United States District Court, D. Montana, Helena Division

September 28, 2017


          OPINION & ORDER


         Before the Court are Defendants' Motions for Summary Judgment. The motions came on for hearing on June 23, 2017. Plaintiff Lawrence Bybee (“Bybee”) was represented by Brian Miller. Defendant Bank of America, N.A. (“BANA”) was represented by Mark D. Etchart. Defendants Rushmore Loan Management Services, LLC (“Rushmore”) and Statebridge Company, LLC (“Statebridge”) were represented by Erika R. Peterman. Having received the parties' arguments and evidence and having reviewed the briefs and all the record, the Court is prepared to decide the motions.

         Bybee's Fourth Amended Complaint (ECF No. 57 “FAC”) in this case alleges that BANA was negligent in its processing of his loan modification and short sale applications and that BANA violated the Montana Consumer Protection Act (“MCPA”) by its allegedly unfair or deceptive conduct in handling his short sale applications and foreclosure activities. Bybee alleges that Rushmore violated the MCPA by denying his loan modification application, attempting to foreclose on his home, and sending its agents to trespass upon his property. Bybee alleges that Statebridge violated the Fair Debt Collection Practices Act, 15 U.S.C. 1692, sending him a letter when he was represented by counsel and by sending him a loan statement in October 2015 showing a balance due. Bybee alleges that Statebridge's agents entered his property to inspect it without his consent, thereby trespassing.


         In March 2007, Plaintiff Lawrence Bybee obtained a $157, 528.00 loan from Taylor, Bean, and Whitaker Mortgage Corp. (“TBW”) in connection with his purchase of a residence in Shepherd, Montana. Bybee signed a promissory note, which provided a fixed interest rate of 6.375%, a thirty year term, and monthly principal and interest payment of $982.77. Bybee also executed a deed of trust as security for the note. The loan was insured by the Federal Housing Administration (“FHA”) and was therefore subject to the guidelines in Mortgage Letters issued by the Department of Housing and Urban Development (“HUD”). Bybee made payments on the loan for approximately 18 months, until October 2008. Bybee tried to get a loan modification from TBW, and in fact thought at one point that he had a loan modification worked out, but it was never finalized.
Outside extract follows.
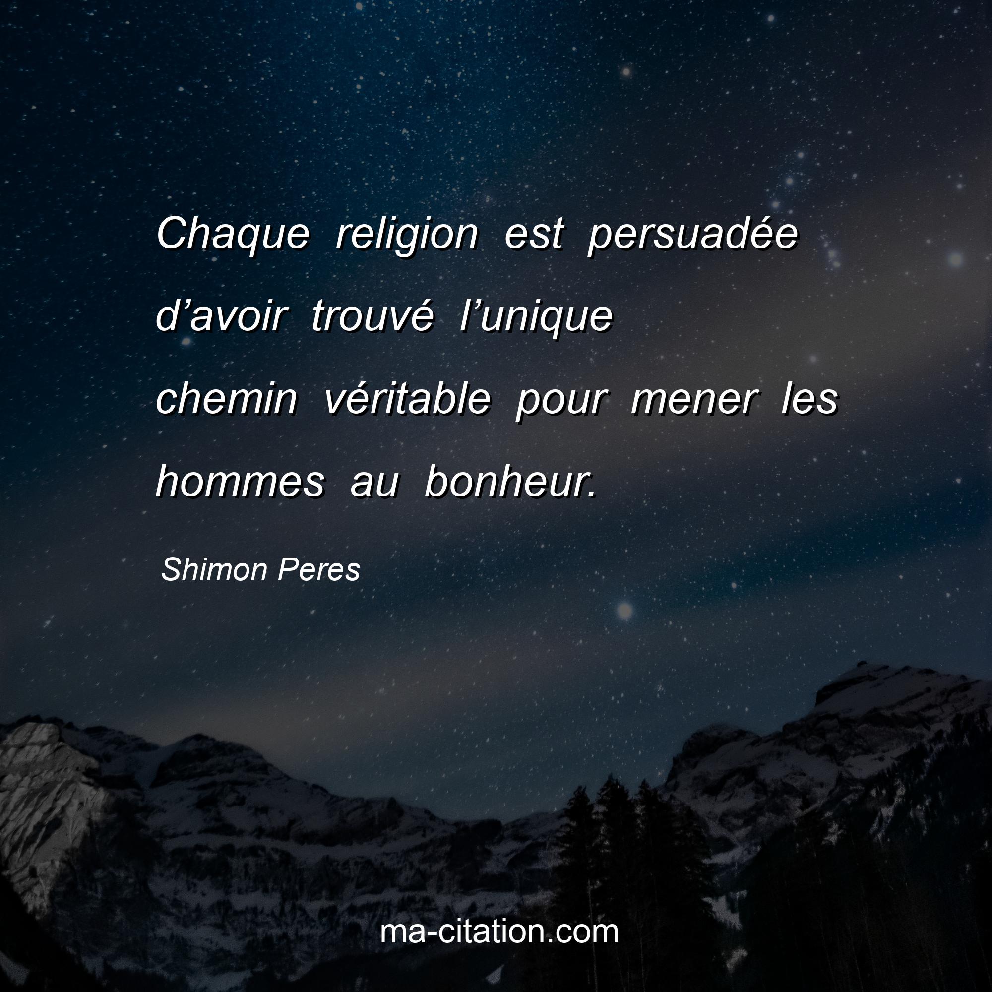Citation sur la vie de Shimon Peres :Chaque religion est persuadée d’avoir trouvé l’unique chemin véritable pour mener les hommes au bonheur.

Bybee's wife testified that when she sent TBW three monthly payments in three checks (for March, April, and May of 2009), as she had been instructed to do per the work out, TBW returned the checks with a letter stating that the loan modification had failed for their failure to pay a $100.00 fee, and the loan was now in foreclosure. (ECF No. 117-4, Dep. T. Bybee, 64:1-65:5.) On June 12, 2009, TBW recorded notice of foreclosure sale, stating that Bybee was delinquent on payments beginning October 1, 2008, in the amount of $11, 381.67. (ECF No. 108-5.) The sale date listed on the notice of trustee's sale was October 20, 2009.

         However, in August of 2009, TBW was shut down by the federal government and prohibited from servicing mortgages. Ultimately, TBW declared bankruptcy and ceased doing business. The Government National Mortgage Association (“GNMA”) purchased the loan. (ECF No. 9-2, ¶ 13.)
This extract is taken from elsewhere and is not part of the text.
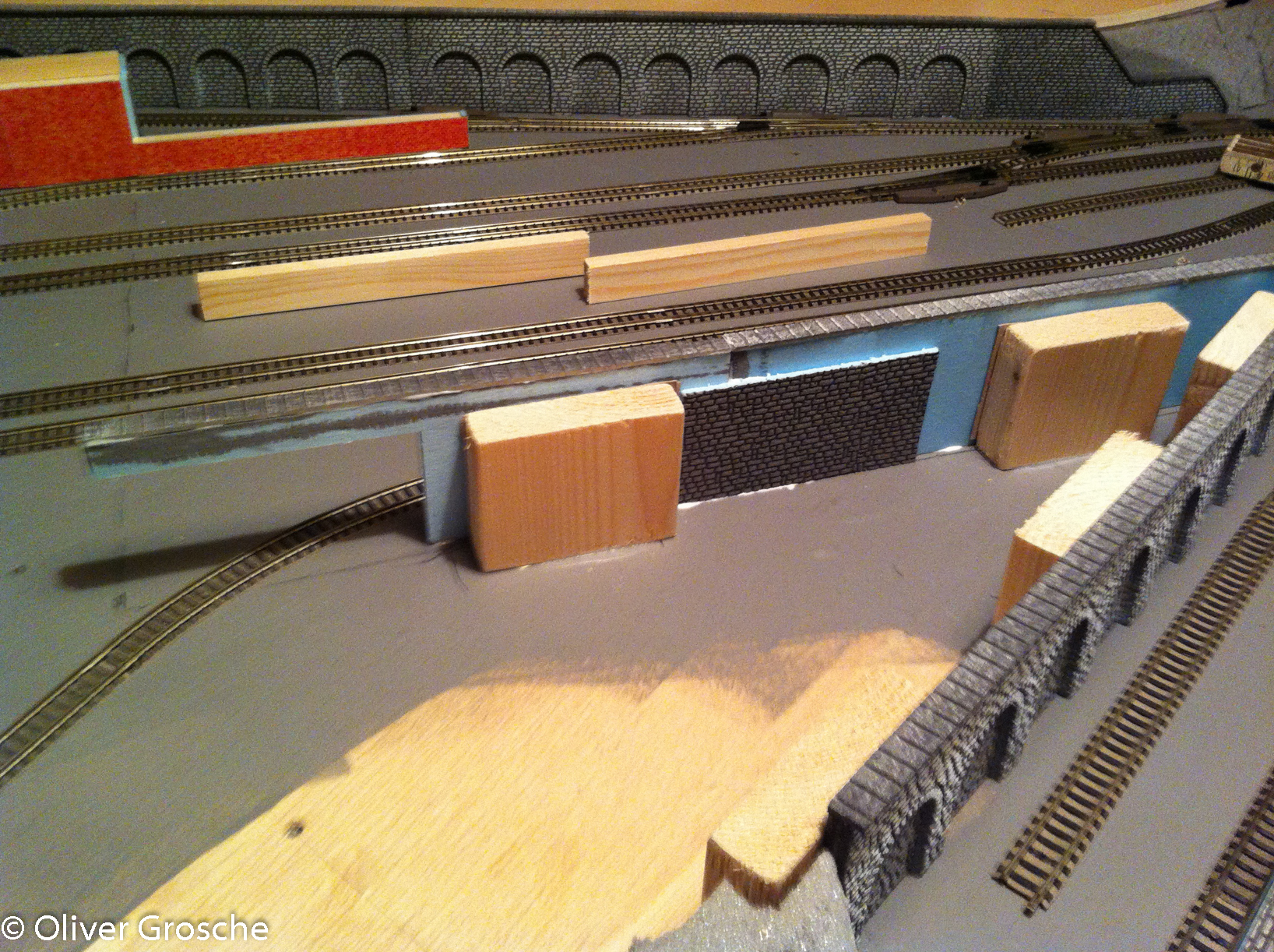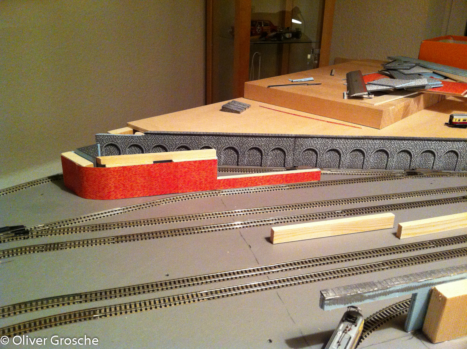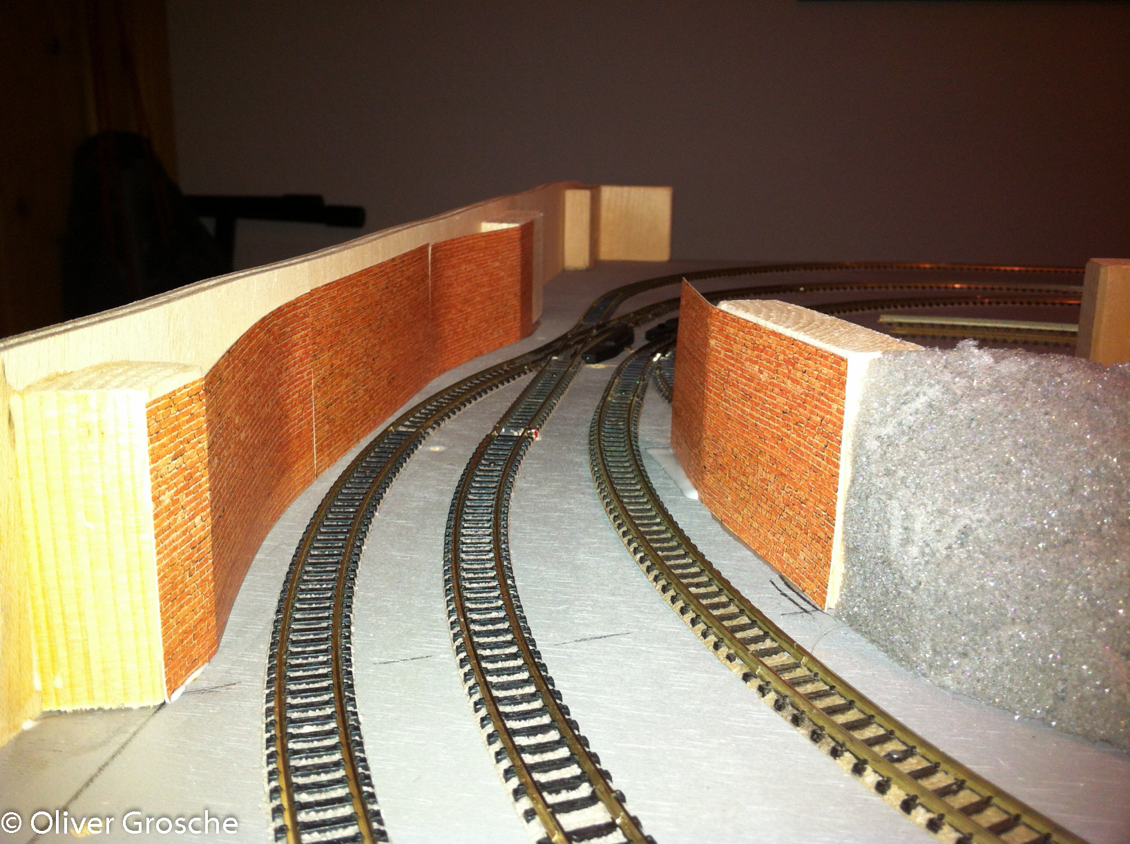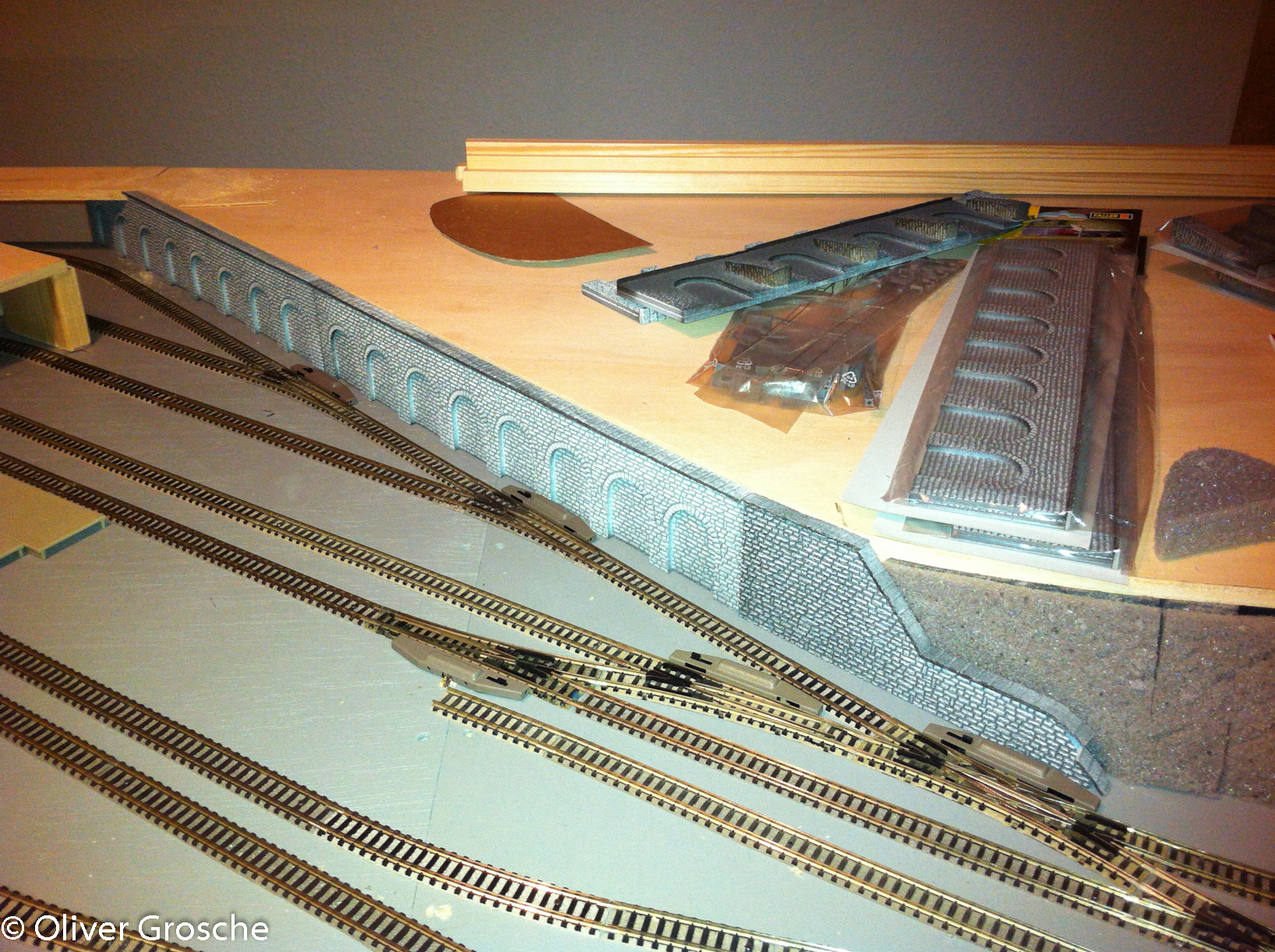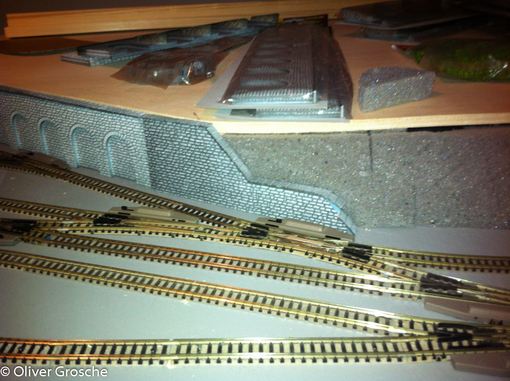 Für eine zukünftige Erweiterung der Anlage (z.B. ein FiddleYard oder so…) habe ich noch eine zusätzliche Weiche im versteckten Bahnhofsbereich eingebaut. Zudem wurden noch Restarbeiten an den Mauern gemacht.

         In September, 2009, Bank of America, N.A. (“BANA”) became the new servicer of Bybee's loan. On the day that BANA received the Bybee loan, it was 11 months delinquent and already in default. (ECF No. 120-6, Dep. J. Chatman, 102:23-25.). Bybee attempted to make only one monthly payment to BANA. A September 2009 payment in the amount of $1, 275.00 was rejected by BANA because the payment was insufficient to correct the default. (ECF No. 120-6, Dep. J. Chatman, 109:14-110:8.)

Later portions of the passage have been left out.